David Andrews was dean of the Johns Hopkins School of Education from 2010 to 2016. Portrait via hub.jhu.edu

David Andrews has resigned as president of La Jolla-based National University, one of the largest private nonprofit schools in the nation with more than two dozen campuses.

Andrews’ sudden departure — announced Tuesday with “bittersweet sentiment”— came in a 450-word letter to faculty and staff.

Letter to faculty and staff sent Tuesday. (PDF)

No explanation was given in the email from Michael R. Cunningham, chancellor of the National University System.

“Effective immediately, I will be returning to the presidency of National University,” Cunningham wrote. He’ll retain his chancellor role.

He hailed Andrews, 65, who came to San Diego after six years as dean of the School of Education at Johns Hopkins University in Baltimore.

“During his five years with the university, Dr. Andrews has been instrumental in leading many new initiatives to improve the lives of our students and the reputation of the institution,” Cunningham said.

“While we will miss Dr. Andrews, as well as his vision and passion for innovative approaches to education, we wish him the best in his future endeavors.”

In 2018, according to tax records, Andrews made $581,000 in wages and other compensation.
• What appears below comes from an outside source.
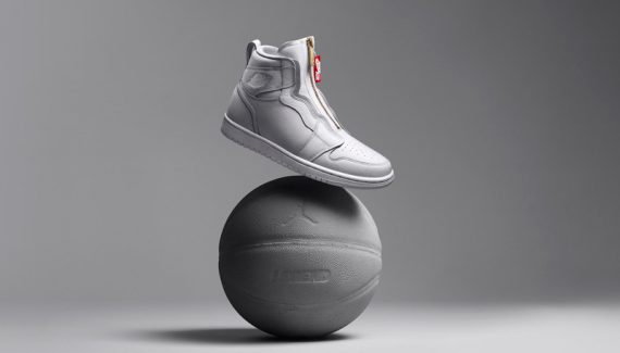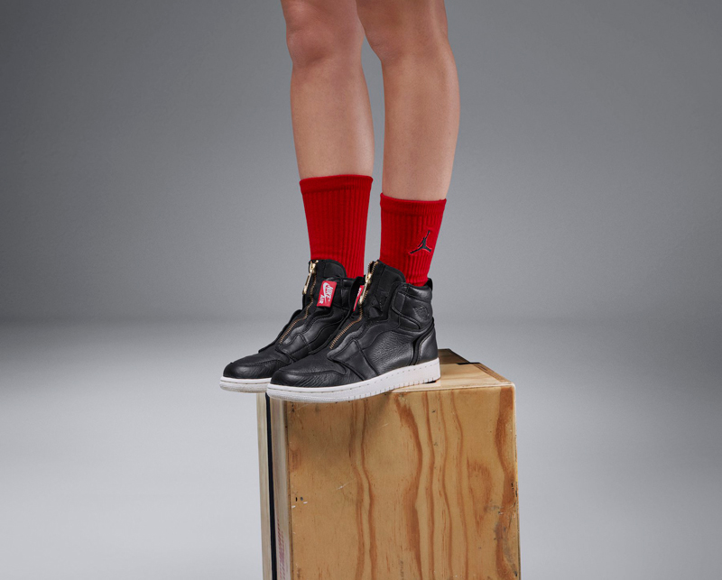 Les lacets ? La virgule ? Dehors. Sur ce nouveau modèle, uniquement destiné aux femmes pour le moment, c’est une fermeture éclair dorée qui assure la fermeture. Une imposante étiquette rouge est aussi présente pour rappeler, tout de même, qu’on a bien affaire à un produit Nike. Le logo Jordan est aussi gravé de manière plus discrète sur la cheville.

The school reported an endowment of $36.6 million and net assets of $822 million that year.

Before Johns Hopkins, Andrews was an associate professor and Extension State Specialist at Ohio State University’s Department of Family Relations and Human Development.

Earlier, he rose to head of the Department of Human Development and Family Studies at Oregon State University.

He has a doctorate in child development from Florida State University after earning an associate degree at Pensacola Junior College in 1976, a bachelor’s degree in psychology from Auburn University in 1977 and a master’s in child development from Kansas State University in 1980.  

His Wikipedia profile said Andrews has written research articles, book chapters and abstracts on topics that include addictive behaviors, the impacts that parenting has on college freshmen, family involvement in juvenile diversion, adolescent development, preventative interventions for high-risk youth and educational reform.

His first work of fiction, “My Father’s Day Gift,” was published in 2014.

In October 2019, it was announced that National University would be renamed Sanford National University following a $350 million gift from San Diego philanthropist T. Denny Sanford.

The gift was said to be among the 15 largest in the history of U.S. education.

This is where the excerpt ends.